Philadelphia: University of Pennsylvania Press, 2017. Pp. xii, 296. Illus., map, stemma, table., notes, index. $69.95. ISBN: 081224947X

A Forgotten Gothic Queen

Having produced a book on the Ostrogothic king Theodahad Prof. Vitiello (Missouri-Kansas City), follows up with a life of the man’s abler cousin Amalasuintha (c. 495-535).

Amalasuintha was the youngest daughter of the Romanizing King Theoderic, who married her to his designated successor, Prince Eutharic of the Visigoths, with the intention of uniting to two branches of the Gothic nation. But Eutharic died before Theoderic, leaving Amalasuintha with two young children, a boy and a girl. She became the guardian of their son, Athalaric, the new heir. Her father, Theoderic, clearly groomed her to rule in the boy’s name until Eutharic attained his majority, a role for which he carefully prepared her, providing the young woman with an excellent education in the Roman fashion. When her father died, Amalasuintha projected assumed power in her son’s name. Projecting a “masculine” image, she managed domestic matters well for nearly a decade (526-534), aided by the occasional murder, clashing with traditionalist Gothic nobility, while winning over the still important Roman senatorial class, and her dealings with the Eastern Roman Emperor Justinian, on paper her overlord, were quite well managed.

On the death of Eutharic in 534, however, Amalasuintha lost her base of power. Trying to keep it, she designated as co-ruler her cousin Theodahad, whom she had previously shut out of power. The arrangement didn’t last, and he soon had her imprisoned and murdered.

In telling the story of this obscure character in history, Vitiello draws not only from contemporary histories – Cassiodorus, Procopius, and the less reliable St.
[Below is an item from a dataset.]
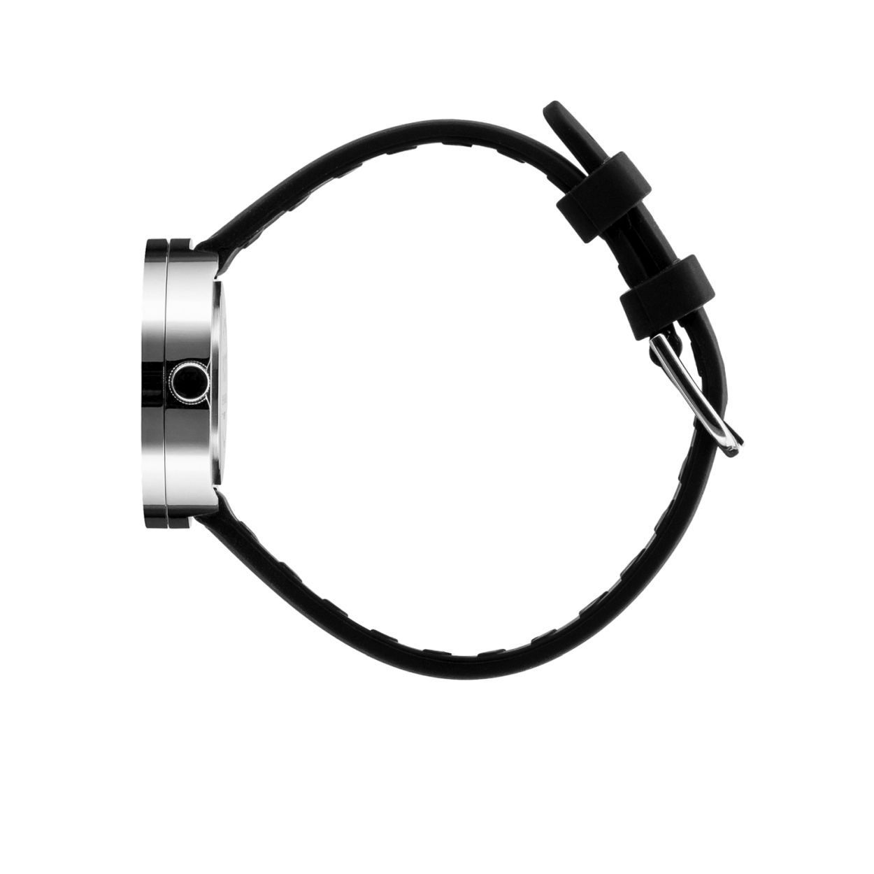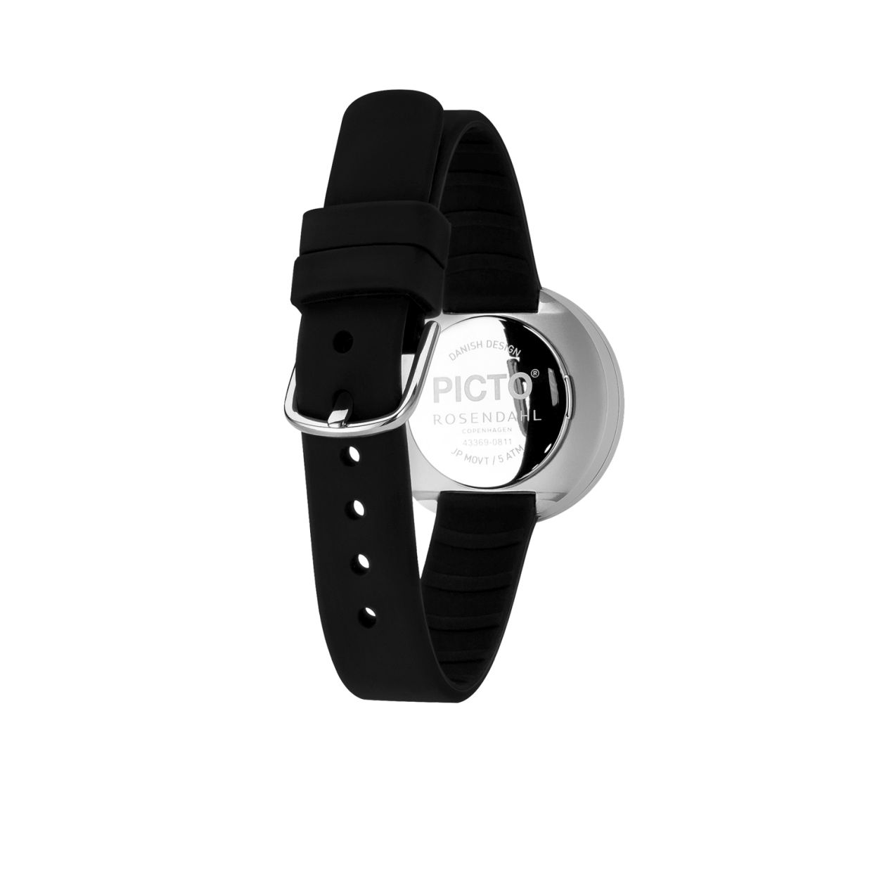 Dit zilverkleurige Picto dameshorloge met zwarte wijzerplaat heeft een minimalistisch en strak Scandinavisch design. De band van het horloge is van siliconen.

Gregory – but also makes extensive use of surviving documents, letters, sermons, art, and poetry, and even offers an analysis of how changes in terminology affected events, to help develop this account of the life of a remarkable woman.

Amalasuintha is a valuable read for anyone interested in Late Antiquity or women in history, and would even be useful reading for the layman curious about the times.

 

Note: Amalasuintha is also available in several e-editions.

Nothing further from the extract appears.